Jornal Estado de Minas

ARTES CÊNICAS

Aramis Trindade transforma tragédia de 'Romeu e Julieta' em monólogo

O ator pernambucano Aramis Trindade encena “Romeu e Julieta, cordel de Ariano Suassuna” nesta sexta (27/3) e sábado (28/3), com gravação 360 graus das performances, que serão transmitidas via Instagram. Na peça com a qual circula pelo país desde 2012, Aramis promove um cruzamento de linguagens, como as do teatro, da música e da literatura. 


“É um espetáculo em forma de cordel, que conta a história de amor de William Shakespeare, na visão do escritor paraibano Ariano Suassuna (1927-2014), misturando o erudito com o popular”, explica o artista. No primeiro ato, o ator interpreta as 98 sextilhas do cordel “A história de amor de Romeu e Julieta”, acompanhado por música ao estilo do Movimento Armorial. No segundo, ele reproduz uma mini-aula espetáculo de Suassuna. “O diferencial desta temporada está na experiência sensorial proporcionada pelas gravações em 360 graus”, comenta.





Ele esclarece que o formato proporciona ao espectador a sensação de estar presente em qualquer ambiente e em diferentes ângulos. “As imagens permitem que o espectador se sinta no local, como se real fosse e mais inserido na trama, escolhendo o seu próprio ponto de vista por meio dessa ferramenta.”

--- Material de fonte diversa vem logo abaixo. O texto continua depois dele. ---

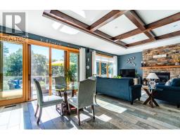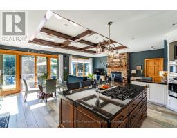 LIVE ON THE BEACH! This stunning custom-built home combines high-end luxury with relaxed beach life. The lower level walks out to a sandy yard extending directly to Georgian Bay. Just steps to the beach, stroll the shore or take a dip in the bay, then wash off in the outdoor shower, unwind in the beach-level hot tub, and soak in the views. From the street, curb appeal abounds with lush gardens and immaculate lawn with sprinkler system, plus a uniquely designed seating area with fire pit. Deceiving from the front, inside youll find generous living space. The open concept main area showcases 12 coffered accented ceilings w/ beam grid design, a floor-to-ceiling stone fireplace, imported Spanish porcelain tile, and a chefs kitchen with custom cabinetry, granite counters, Bosch 5-burner gas cooktop with downdraft vent built into a massive island with seating. Expansive Pella windows and doors (throughout the home) flood the space with light and open to the wrap-around composite deck. The spacious main-level primary suite offers its own private living area with gas fp, balcony with water view, 5-pc ensuite with jet bath & shower, alder wood floors + heated ceramic floors in Bathroom area, large dressing room w/ washer/dryer. Also on this level: a 2-pc powder room & pantry/mudroom with garage access. The walkout lower level includes 3 bedrooms, full bath, large rec room, utility/storage room, and an additional washer/dryer. Extras: 5 WiFi cameras/monitoring, full home generator, water treatment system, owned water heater (new in last year), premium siding, and wrap-around composite decking. Too many features to listcome see this exceptional property. LIFE REALLY IS BETTER AT THE BEACH! (id:50886)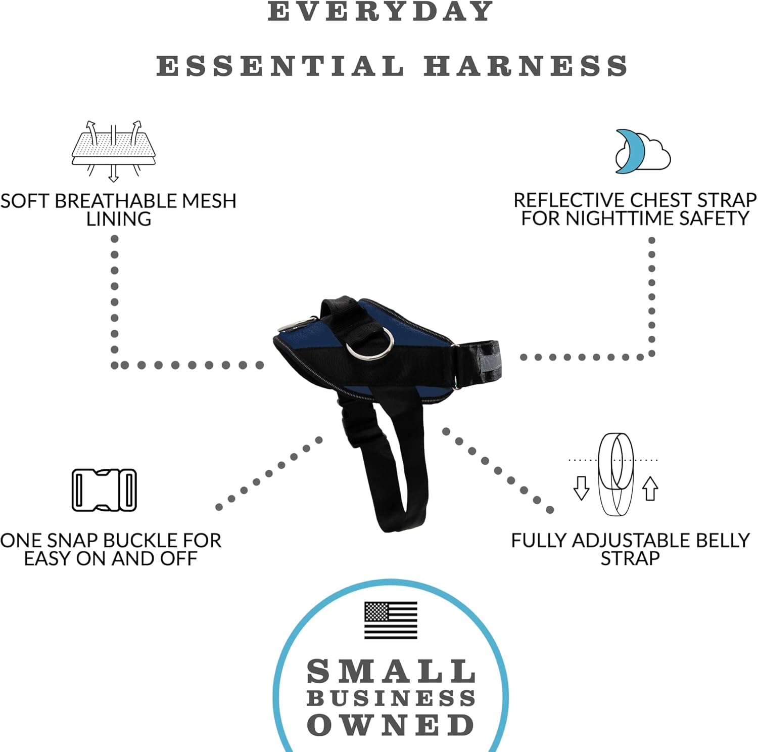 - DURABLE AND COMFORTABLE DESIGN: The Essential harness is made of heavy duty and high quality materials, including 3 reinforced rings for leash attachment points, soft and breathable mesh underside for all day comfort and sturdy nylon handle and nylon straps for long term durability.

Em 1997, Aramis participou de uma montagem do espetáculo cujo elenco tinha 15 pessoas. “Naquela época, já vislumbrava a possibilidade de algum dia transformar o espetáculo em um monólogo”, conta o ator. Foi em 1999 que ele se encontrou com Suassuna nos estúdios da Rede Globo, durante as filmagens da série “O auto da compadecida”, adaptação da obra do paraibano.

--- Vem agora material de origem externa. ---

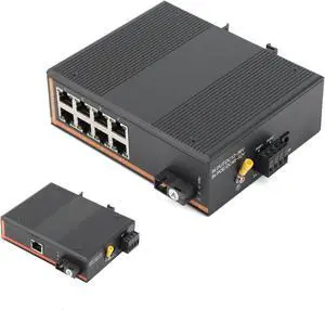 Industrial Network Switch Gigabit Ethernet Media Converter, Plug & Play, IP40, Din Rail Mount, 1SC to 8RJ45 A Side with 1SC to 1RJ45 B Side, Single Mode 20KM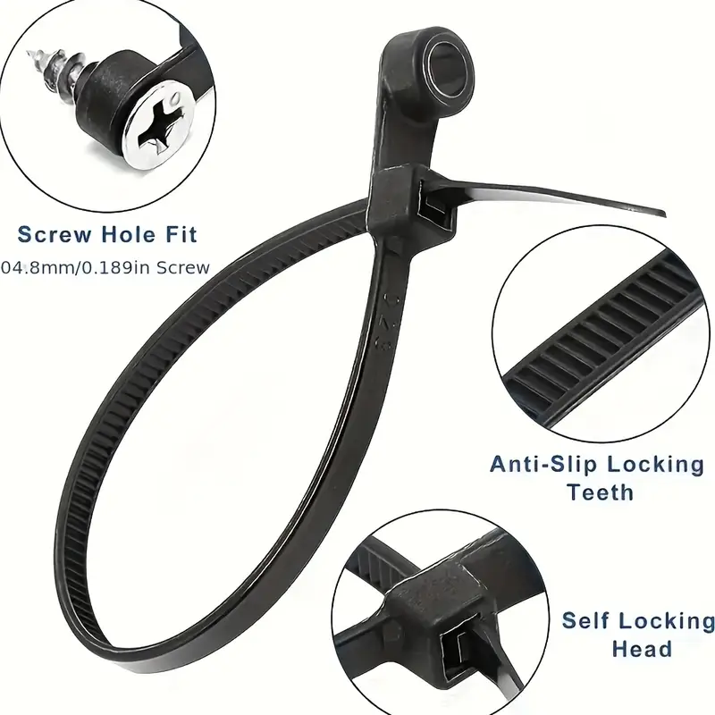 - Самозаключващата се система и отворът за винт държат кабелите здраво на място, като ги предпазват от изплъзване или разхлабване с течение на времето.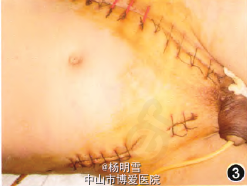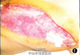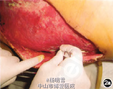 人院后行急诊手术,术中见肛周、双侧腹股沟、左侧腰腹部皮下浅筋膜及阴囊内充满黑褐色絮状坏死组织,散发恶臭。切开肿胀有捻发音处,清除坏死组织,并取脓液送检做细菌培养,使用双氧水、生理盐水、甲硝唑液依次冲洗干净,置皮下引流管于左侧腰腹部与肛周浅筋膜层,术后给予抗休克、抗感染、补液、纠正酸碱平衡和电解质紊乱等对症治疗。术后诊断为肛周脓肿、阴囊坏疽伴广泛急性坏死性筋膜炎、感染性休克。术后患者仍反复出现阴囊肿胀,并扩散至右腰腹部、左侧腋下及胸壁,行急诊手术,术中见左侧阴囊已基本全部坏死,睾丸局部少许坏死,清除坏死部分,将其置于左侧腹股沟上,右侧仅残余少量正常阴囊组织,左侧腹部伤口内有褐色渗出,进一步扩创清除并冲洗引流。术后送ICU监护。入院第7天患者血氧饱和度好转,体温稳定,返回普通病房继续治疗。术后经每日伤口换药,有炎性分泌物及坏死组织处及时清理,并用双氧水、生理盐水依次冲洗,0.5%活力碘擦拭,喷抹护创液,0.5%甲硝唑或烧伤三号纱条湿敷。同时用敏感抗生素、输注白蛋白,调节电解质平衡等补液对症治疗。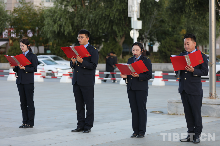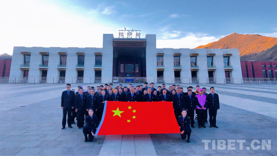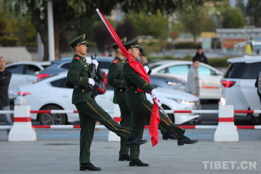 中國西藏網訊 在新中國成立75周年這一榮耀時刻,拉薩火車站舉行了一場莊嚴而隆重的升國旗儀式。10月1日上午8時整,雄渾的國歌聲奏響,駐站武警儀仗隊邁著整齊劃一的步伐,護衛(wèi)著五星紅旗走向國旗基座。在火車站干部職工的凝視下,五星紅旗冉冉升起,那是祖國繁榮昌盛的象征。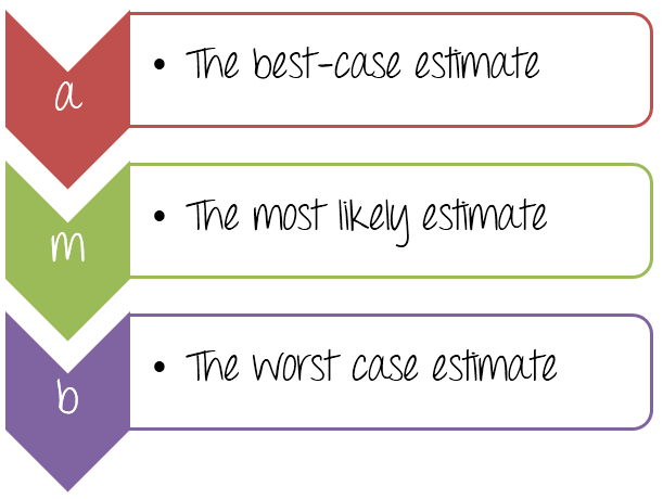 When estimating a task, the Test Manager needs to provide three values, as specified above. The three values identified, estimate what happens in an optimal state, what is the most likely, or what we think it would be the worst case scenario.

“Disse pra ele: ‘Mestre, você se lembra daquela peça que fiz há dois anos?’. Ele respondeu, ‘Claro, claro’. Pois é, estava pensando em readaptá-la para um monólogo, não agora, mas daqui a alguns anos. Ele sinalizou que sim e, quando foi em 2011, quase 13 anos depois, fiz a adaptação e estreei no ano seguinte.”





Cada parte do espetáculo tem 20 minutos. Na aula-espetáculo, Aramis mimetiza Ariano falando sobre “a origem da peça, dos autores, do movimento armorial. Ariano ‘fala’ da versão de Aramis, que ele tinha acabado de ver, do primeiro ato, que é uma versão do teatro armorial, cujo movimento está completando 51 anos”. O ator lembra que “Ariano criou esse movimento. Na verdade ele propunha uma arte erudita brasileira, só que a partir da raiz popular da nossa cultura”.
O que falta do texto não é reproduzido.